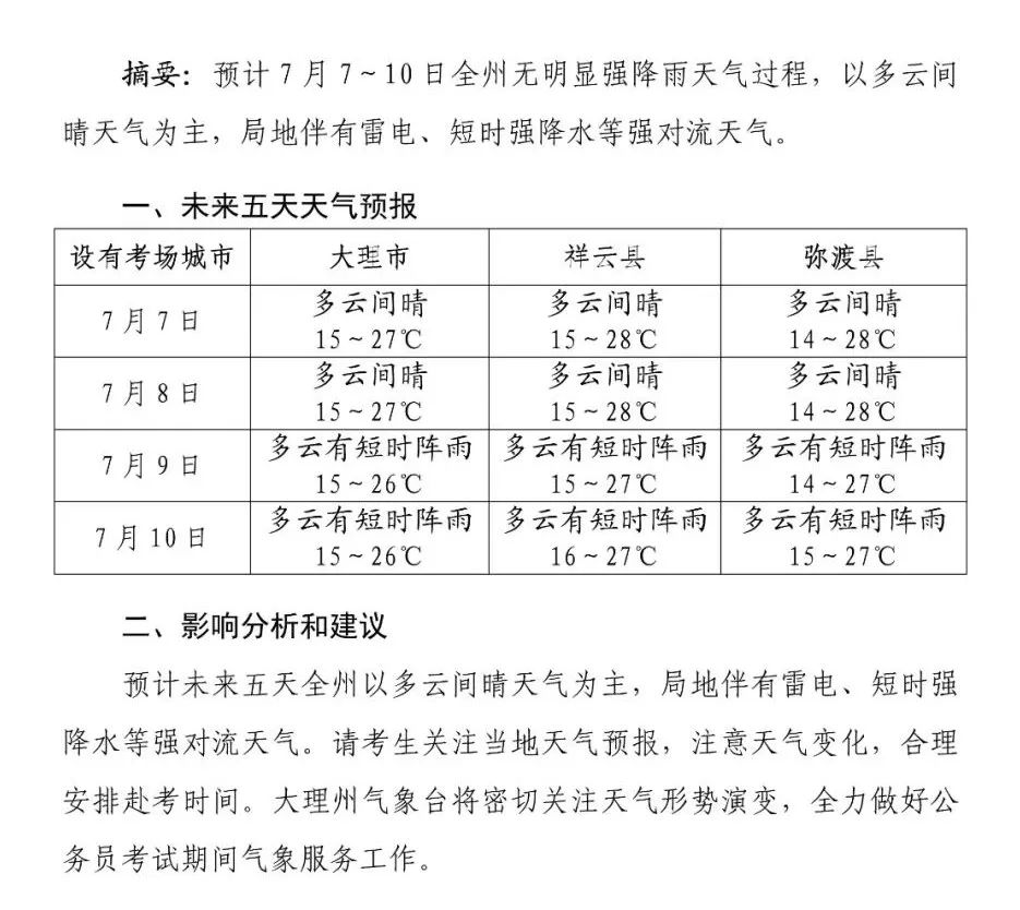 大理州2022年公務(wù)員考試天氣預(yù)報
■ ■ ■ ■ ■ ■ ■
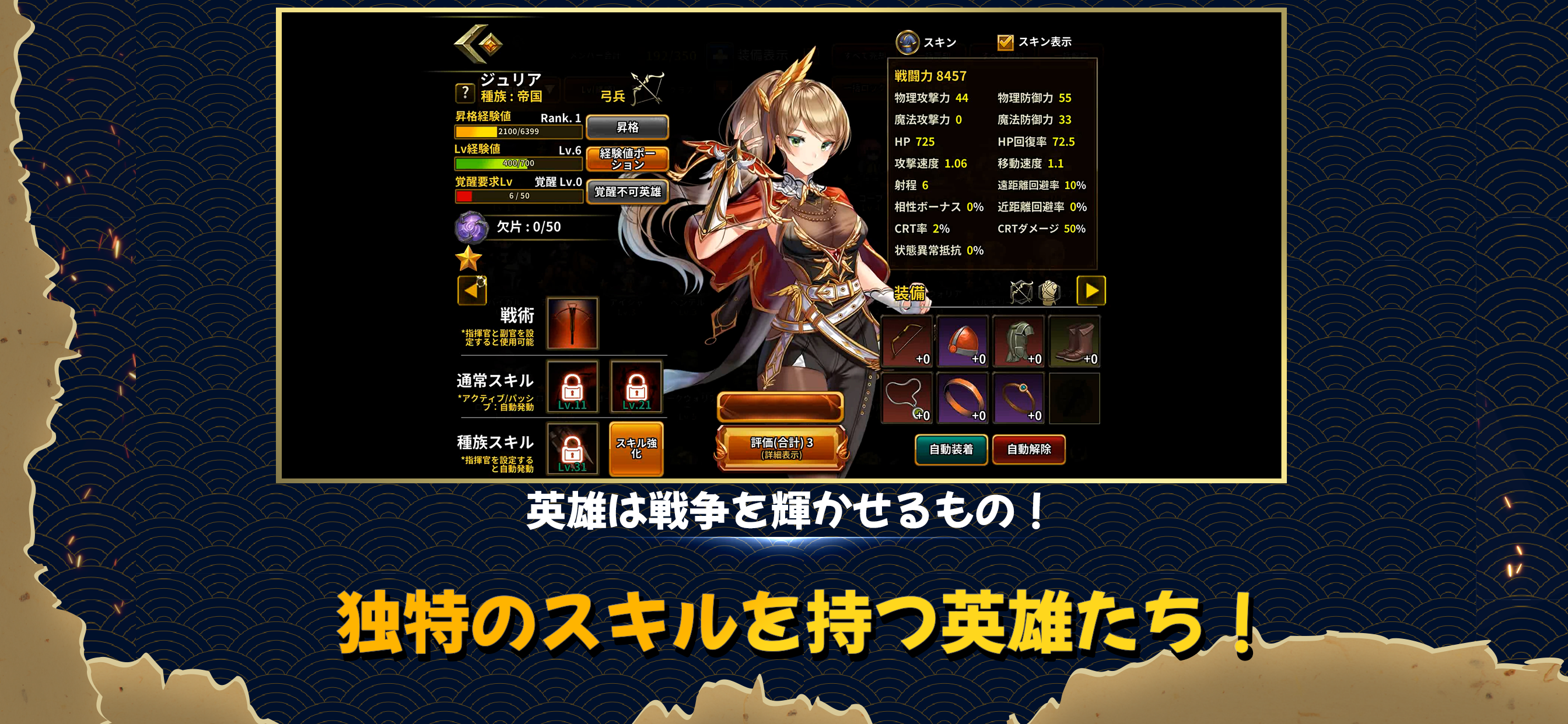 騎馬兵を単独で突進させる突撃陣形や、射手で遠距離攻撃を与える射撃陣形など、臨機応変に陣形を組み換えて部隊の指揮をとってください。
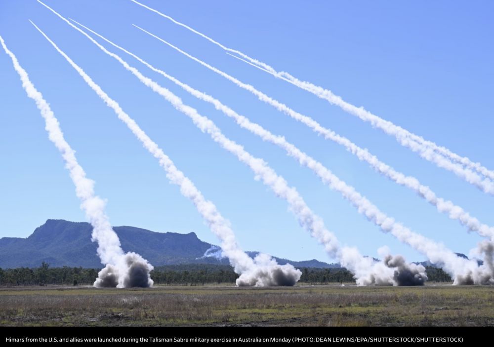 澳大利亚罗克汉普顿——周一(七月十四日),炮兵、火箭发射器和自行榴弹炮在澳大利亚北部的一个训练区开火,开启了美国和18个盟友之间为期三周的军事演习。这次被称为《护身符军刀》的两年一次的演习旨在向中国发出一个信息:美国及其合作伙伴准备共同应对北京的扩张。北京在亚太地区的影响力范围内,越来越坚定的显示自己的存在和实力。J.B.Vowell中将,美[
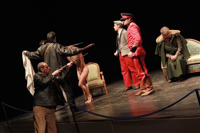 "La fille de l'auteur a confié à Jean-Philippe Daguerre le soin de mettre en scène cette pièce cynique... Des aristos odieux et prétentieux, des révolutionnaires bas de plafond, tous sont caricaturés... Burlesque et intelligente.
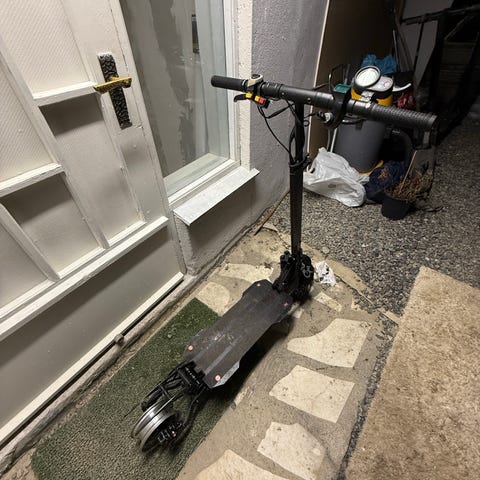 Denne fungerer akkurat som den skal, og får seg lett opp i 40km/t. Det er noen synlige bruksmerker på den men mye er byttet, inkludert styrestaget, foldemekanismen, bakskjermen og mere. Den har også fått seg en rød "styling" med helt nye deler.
■ ■ ■ ■ ■ ■ ■
TASK DETAILS -> Reproduce the listing above from the line that holds "澳大利亚罗克汉普顿——周一(七月十四日)" through the line that holds "Denne fungerer akkurat", both included, with the pictures left out.

ANSWER SPACE ->
 澳大利亚罗克汉普顿——周一(七月十四日),炮兵、火箭发射器和自行榴弹炮在澳大利亚北部的一个训练区开火,开启了美国和18个盟友之间为期三周的军事演习。这次被称为《护身符军刀》的两年一次的演习旨在向中国发出一个信息:美国及其合作伙伴准备共同应对北京的扩张。北京在亚太地区的影响力范围内,越来越坚定的显示自己的存在和实力。J.B.Vowell中将,美[
 "La fille de l'auteur a confié à Jean-Philippe Daguerre le soin de mettre en scène cette pièce cynique... Des aristos odieux et prétentieux, des révolutionnaires bas de plafond, tous sont caricaturés... Burlesque et intelligente.
 Denne fungerer akkurat som den skal, og får seg lett opp i 40km/t. Det er noen synlige bruksmerker på den men mye er byttet, inkludert styrestaget, foldemekanismen, bakskjermen og mere. Den har også fått seg en rød "styling" med helt nye deler.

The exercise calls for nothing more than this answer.